Security teams must strike a balance between addressing business-as-usual security tasks and exploring new technologies that keep teams engaged and motivated, while also ensuring that the necessary groundwork is laid before diving into the latest trends. By achieving a mature security posture through focusing on fundamentals, organizations gain the freedom to explore new technologies and initiatives with a solid foundation in place.
Compliance Does Not Equal Security
- “In our hearts, compliance does not equal security. But compliance gets a lot of budget, which helps us do security.”
NetSPI’s Vision Report explored high-level industry data on vulnerabilities and security, showing the government, non-profit, and healthcare industries had the largest volume of critical and high severity vulnerabilities. On the other hand, the insurance and financial services industries had the lowest volume.
This indicates a stark contrast between two highly regulated industries: healthcare and financial services.

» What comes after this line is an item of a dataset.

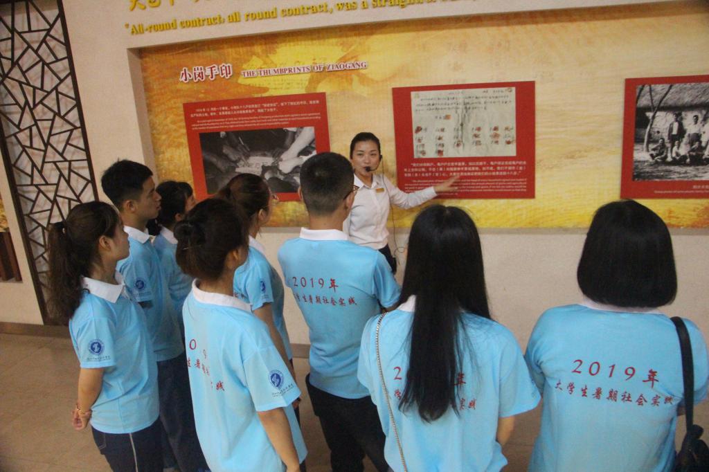 为深入贯彻落实我省大学生暑期三下乡“青春心向党,建功新时代”的要求及教育部思政司关于组织开展“小我融入大我,青春献给祖国”主题社会实践的文件精神,按照我院团委统一部署,财经与旅游学院积极筹划,组建了以辅导员和思政教师为指导老师的暑期社会实践团队,分别走访安徽小岗村、江苏华西村、陕西省蓝田县董岭村等三个具有代表性的改革先锋村。

Healthcare security leaders have expressed challenges in keeping up with privacy regulations, while the financial services industry has leaned into evaluating and penalizing risk management deficiencies. Perhaps the healthcare industry will follow suit toward stricter enforcement.
Plan for Hiring Early On
- “A lot of times when you build your hiring plan, you don’t necessarily think, ‘okay, I’m going to need to articulate the value of someone entry level to my stakeholders.’”

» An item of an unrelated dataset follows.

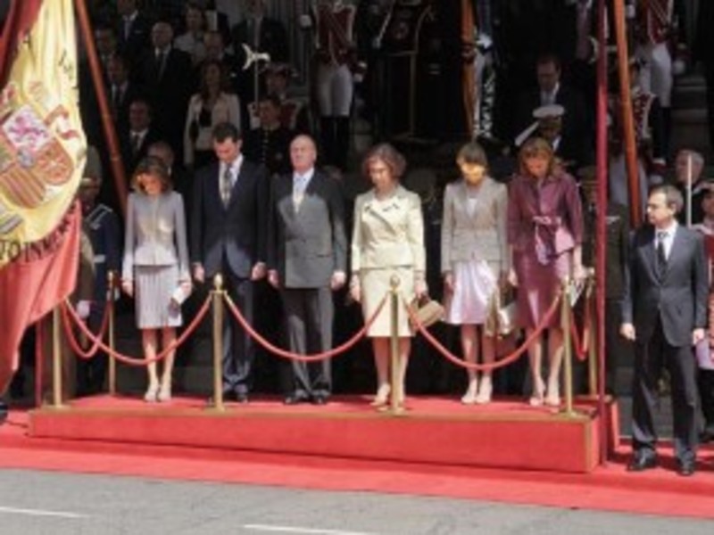 Ya en la calle, el Rey ha aproximado a la tribuna instalada frente a la fachada del Palacio, acompañado de numerosas autoridades, que junto al monarca, han presenciado el último desfile militar de la solemne jornada. Este mediodía, Don Juan Carlos comerá con el presidente del Gobierno, los presidentes de las dos Cámaras y el resto de miembros de las mesas presidenciales del Congreso y del Senado.

This situation can result in a harder sell for an entry-level hire when the need arises. Results from the Offensive Security Vision Report reveal a pressing need for increased investment in entry-level cybersecurity roles. A significant majority of security leaders (55 percent) reported having five or fewer roles budgeted for in 2023.
Moreover, when asked about the number of entry-level positions, 71 percent of respondents indicated that less than one-fourth of the budgeted roles were allocated for entry-level candidates, and 46 percent had no plans for entry-level hiring in 2023. These findings underscore the urgency for the industry to prioritize investment in cultivating new talent. To address the global skills gap, it is crucial to provide hands-on training and support for individuals entering the cybersecurity field. By investing in entry-level professionals, the industry can move toward bridging the gap and fostering a robust pipeline of skilled cybersecurity experts.
Consider the Interconnected Nature of Your Role
- “The work we do is in the weeds. It’s asset management. It’s vulnerability management. It’s thankless, it’s frustrating. So anything that we as an industry can do to remind each other that there is a mission — there’s a bigger mission than all of us — is appreciated because security is interconnected.”
While it’s easy to get lost in the details on which vulnerabilities deserve the bulk of our attention, we need to stay grounded in the bigger picture: it’s not just about checking the box on a single task, but seeing how your effort fits into the larger picture of creating a secure end state for a business.